▶ _EXERCISE AIM_
Only the lines from the beginning of the entries through the one that holds "Конечно же, в" may appear in the answer, written out exactly and free of pictures.

(Excerpts from a dataset)

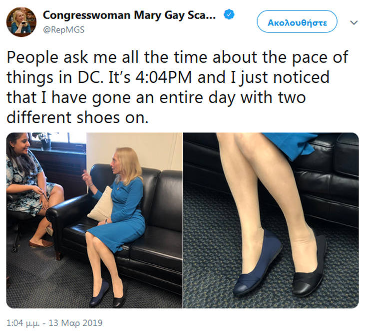 Ο λόγος για το μέλος του Κογκρέσου Μαίρη Γκάι Σκάνλον η οποία μοιράστηκε στο twitter τις επίμαχες φωτογραφίες από το στιλιστικό της ατόπημα μετά την παρατήρηση ότι φορούσε ένα μαύρο και ένα μπλε χρώμα όλη την ημέρα.
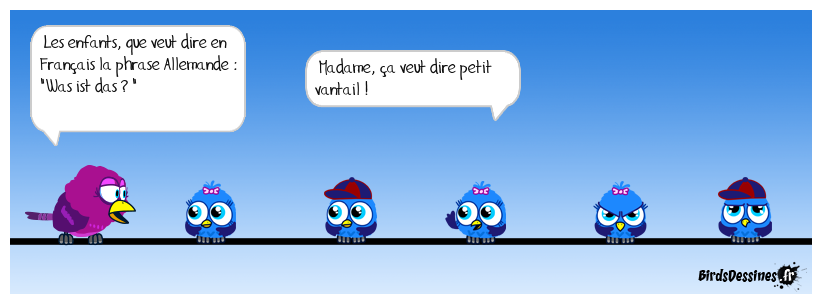 Case 1:Bird 1: Les enfants, que veut dire en Français la phrase Allemande : "Was ist das ? " | Case 2: Bird 1: Madame, ça veut dire petit vantail ! | Case 3:
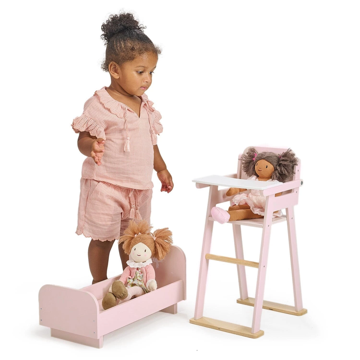 Accompanying the wooden crib is the pink Baby Doll High Chair, which boasts a matching lovely bird illustration on the backrest, infusing mealtime with whimsy. The high chair’s table is ingeniously designed to flip up and down, making it easy for little hands to manage feeding sessions. Our wooden high chair is perfect for teaching routines and encouraging role-play that mirrors the care and attention of real-life parenting.
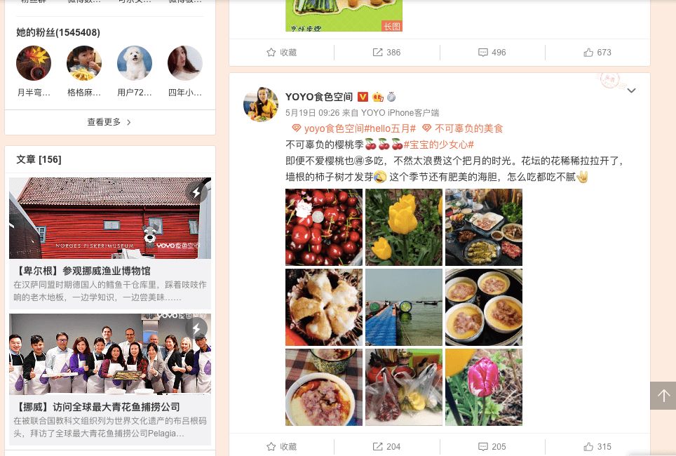Конечно же, в Китае, где к еде особое, трепетное отношение, популярны и фуд-блогеры. Страничка с наибольшим количеством подписчиков принадлежит YOYO, чей блог сочетает в себе трэвэл- и фуд-тематику. Она путешествует по миру, пробует различные блюда, а потом рассказывает о своих впечатлениях подписчикам. Следом за ней, согласно рейтингу Weibo, идут Цзюньчжи и Вэньъи — фуд-блогеры в более привычном нам понимании. Они постят различные рецепты, рассказывают, чем накормить детей и друзей, нагрянувших в гости, всё это с красивыми фотографиями, смотреть которые на голодный желудок не рекомендуется.
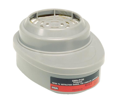 Cartucho MSA GMA P100 es un elemento de seguridad industrial filtrante que brinda protección respiratoria contra polvos, partículas y neblinas. Todos los cartuchos son intercambiables entre respiradores Advantage 200, 200SL, 1000 y 3000, y están codificados con código de colores. Presenta una fácil instalación, poseen bajo perfil y conectores con una sola posición de encastre, que aseguran con un cuarto de giro un ajuste firme.

▶ _RESULT BELOW_
 Ο λόγος για το μέλος του Κογκρέσου Μαίρη Γκάι Σκάνλον η οποία μοιράστηκε στο twitter τις επίμαχες φωτογραφίες από το στιλιστικό της ατόπημα μετά την παρατήρηση ότι φορούσε ένα μαύρο και ένα μπλε χρώμα όλη την ημέρα.
 Case 1:Bird 1: Les enfants, que veut dire en Français la phrase Allemande : "Was ist das ? " | Case 2: Bird 1: Madame, ça veut dire petit vantail ! | Case 3:
 Accompanying the wooden crib is the pink Baby Doll High Chair, which boasts a matching lovely bird illustration on the backrest, infusing mealtime with whimsy. The high chair’s table is ingeniously designed to flip up and down, making it easy for little hands to manage feeding sessions. Our wooden high chair is perfect for teaching routines and encouraging role-play that mirrors the care and attention of real-life parenting.
Конечно же, в Китае, где к еде особое, трепетное отношение, популярны и фуд-блогеры. Страничка с наибольшим количеством подписчиков принадлежит YOYO, чей блог сочетает в себе трэвэл- и фуд-тематику. Она путешествует по миру, пробует различные блюда, а потом рассказывает о своих впечатлениях подписчикам. Следом за ней, согласно рейтингу Weibo, идут Цзюньчжи и Вэньъи — фуд-блогеры в более привычном нам понимании. Они постят различные рецепты, рассказывают, чем накормить детей и друзей, нагрянувших в гости, всё это с красивыми фотографиями, смотреть которые на голодный желудок не рекомендуется.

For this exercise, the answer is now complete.